In the coming years, I think the real focus should be velocity. How quickly can you get data out to your customers? That’s why we believe that Agile BI, our data discovery platform, will be the key driver to help with data velocity.

Today our customers want things more quickly, yet the existing enterprise assets across the government community are lacking the speed in which they want the data. But Agile BI can get them the information they need in just a couple of minutes. That’s where I believe that the real challenge is for all the government contracting community to embrace.
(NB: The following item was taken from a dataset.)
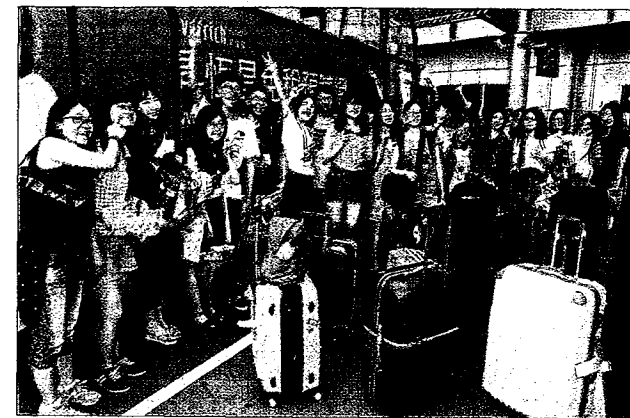
陸生未來可用支付工具繳納來台學費。圖為在台陸生。 （本報系資料庫）

明顯感受的這股趨勢，因應支付型態的轉變，台新銀行去年起即與螞蟻金融服務集團合作，開辦支付寶跨境交易，已布建包含機場免稅店、百貨公司、計程車隊、景點民宿及各大夜市商圈等超過28,000個收款點。

WashingtonExec: What more do you think the government should be doing as far as initiatives go to push big data?

Kiran Gullapalli: I believe the government is moving in the right direction set by the first CIO’s and CTO’s websites, especially usaspending.gov and data.gov, and many other citizen-friendly initiatives that are happening. I’m not an authority, by any means, to comment about the future, but I believe it’s the right direction. Maybe a little more speed should be added to increase citizen participation because these initiatives help citizens to make more informed decisions.

WashingtonExec: What is Anika Systems  focused on right now?

Kiran Gullapalli: We try to operate under the radar and do good work, which gets good customer references and helps our business to grow and makes customers happy. That’s what we’re focused on. Having said that, our future direction is Agile BI; that is the wave of the future, and that will help customers unlock their data potential.

WashingtonExec: When you aren’t working, how do you like to spend your free time?

Kiran Gullapalli: I’m a big political junkie and business news consumer. I don’t pay any attention to sports; sports is not my cup of tea. These two, politics and business-related information, I’m all for it.

WashingtonExec: Do you have a favorite news source or an app you like to use? How do you prefer to get your news in the morning?

Kiran Gullapalli: My go-to app is the newspaper; I’m still an old school guy. I try to pick up my Wall Street Journal and read it thoroughly every single day. From an app perspective, I’m not a huge consumer of phone-based apps. I prefer to read mostly in paper format because it gives me much more luxury to flip and have control. I’m an old school guy, bottom line!